You used audio notation instead of creating a score. How did this work in your collaboration exactly? How did this performance process differ from the traditional composing process?
The installation is the outcome of a year-long exchange between me and the countertenor Rupert Enticknap. It is an exploration of the different registers, notes, bodies, and breaking points of the human voice within the spatial surrounding of the sonic architecture of the church.
Though both Rupert and I have spent our careers studying, creating, performing works transmitted through conventional music notation, with this work we wanted to explore the potential of working with audio notation and without a score. Instead, a series of sung pitches and sustained notes are recorded and used as material to construct the actual sound of the piece in multiple channels. This method aids the performer to fine tune their voice to complex microtonal intervallic relationships. In this way, the performance process comes closer to oral musical traditions from around the world which do not rely on reading music in order to create it.
Today, the responsibility of artists now is to just be genuine. It has always been that, but if you ask me, that's the most exciting thing that anyone can do now. It is about self-discovery and the discovery of others. Learning and learning to listen.
Your work always has a visual component. How does this influence your compositional process?
My images help me organize a piece. It's a way of taking notes. I work with these like little index cards. It could be a chord, it could be a scale, tuning information or an instrumental combination. Over the course of many months I want to remember these little things that are important and sort of hang on to them. Each note, color, comment, idea is on a separate card that I can shuffle around and rearrange. It's a way of thinking about the entire structure of the piece and the types of material that are going to be in the piece. It’s a very important part of the process and sort of parallel to the sound making.
How did you approach the question of form?
Since Inseln is a sound installation and a very extended long form, I don't have to worry about A, B, C D. For me, it’s all this sort of field, where different kinds of sounds that are happening at different times, but the sequence is not as essential as each moment. First, I came up with moments and then slowly they are turning into an order of events. I had an overall plan, but left small decisions open and gave the piece a chance to do what it wants. I just have to stay out of the way basically and not mess it up.

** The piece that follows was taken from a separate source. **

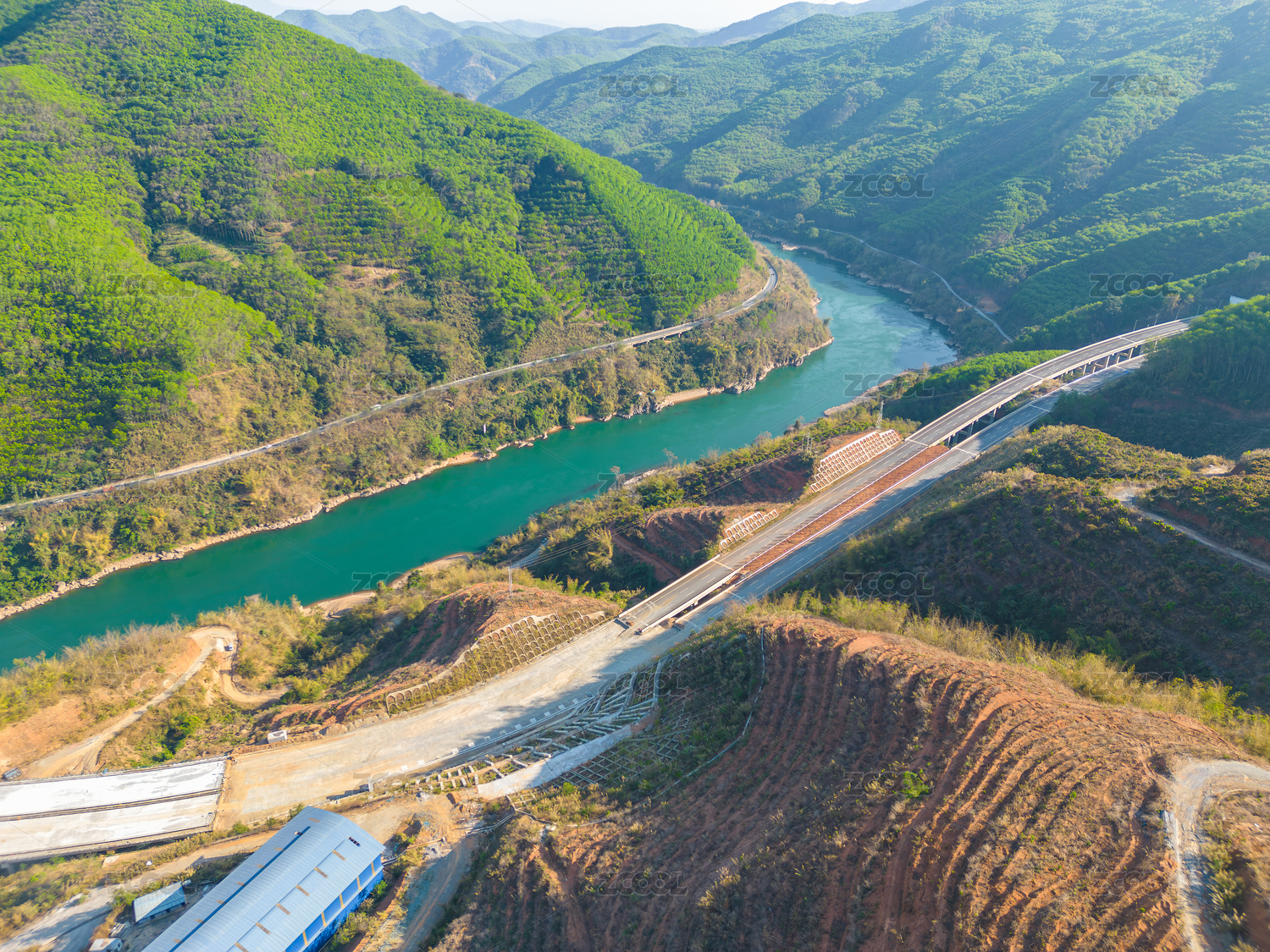 航拍澜沧江和公路

So while the traditional concept of the composer is based on the ideal of mastery, with the artist imprinting their will upon an inert material, your approach is to stay out of the way. Where do you see contemporary music heading?
What I'm seeing more of is that different ways of thinking, approaches, practices, and backgrounds are being more accepted and highlighted. People of color and of any sort of sexual or gender identification are invited to share more than ever. We are all going to get richer because of this and discover more.
Nowadays there is no one practice that you either accept or reject. There are fewer boxes that people try to fit into or stay outside of. There are all kinds of voices, there is no one idea that is dominating. In the 20th century there was an urge to be radical, to shake things up, and go against the grain. Today, the responsibility of artists now is to just be genuine. It has always been that, but if you ask me, that's the most exciting thing that anyone can do now. It is about self-discovery and the discovery of others. Learning and learning to listen.